■ **TO DO**
All of the lines below are to be transcribed faithfully, with pictures excluded from the copy.

■ **DATA SEGMENT**
+++++
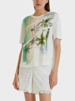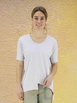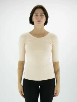 Tee-shirt basique de la marque Marc Cain, de couleur rouge. Il présente des manches mi-longues aux bords légèrement voletant et à col rond. Lavage à 30 degrés.
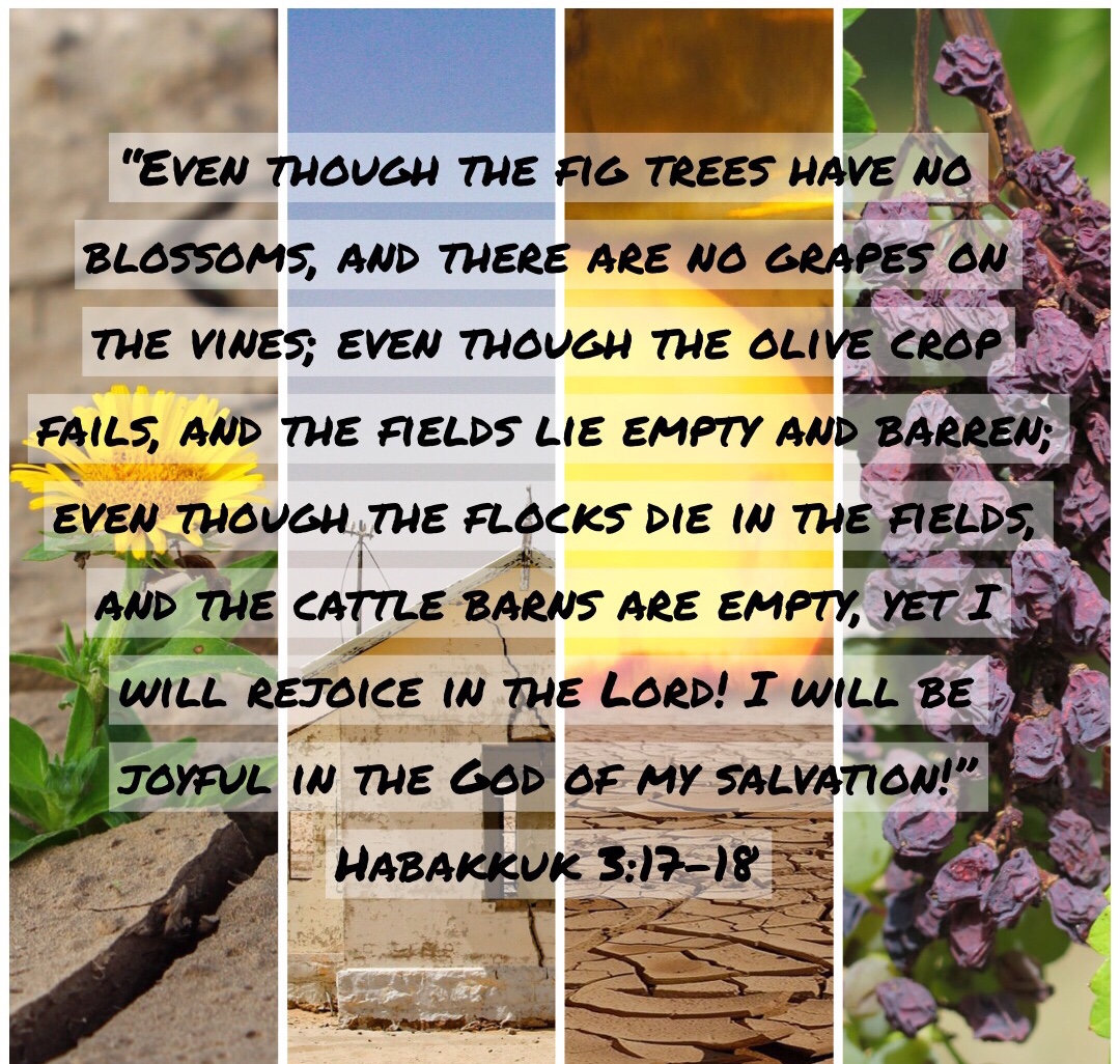 I’ve read these verses a hundred times before I realized what total devastation is being described. The entire economy of the nation Israel was dependent on agriculture. We are blessed today to be diverse in our economy and global in our accessibility of the staples of life. Not so the readers of Habakkuk.
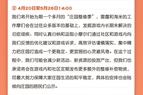 合作的结束并不意味着这个童年IP的结束,,,,对于《摩尔庄园》手游而言,,这是一个新阶段的开始。。后续游戏内将开启庄园重构计划,,,会就以往遗留下来的BUG进行集中修复,,,并在游戏内和社区定期发布更多补偿物资。。
+++++
■ **OUTPUT**
 Tee-shirt basique de la marque Marc Cain, de couleur rouge. Il présente des manches mi-longues aux bords légèrement voletant et à col rond. Lavage à 30 degrés.
 I’ve read these verses a hundred times before I realized what total devastation is being described. The entire economy of the nation Israel was dependent on agriculture. We are blessed today to be diverse in our economy and global in our accessibility of the staples of life. Not so the readers of Habakkuk.
 合作的结束并不意味着这个童年IP的结束,,,,对于《摩尔庄园》手游而言,,这是一个新阶段的开始。。后续游戏内将开启庄园重构计划,,,会就以往遗留下来的BUG进行集中修复,,,并在游戏内和社区定期发布更多补偿物资。。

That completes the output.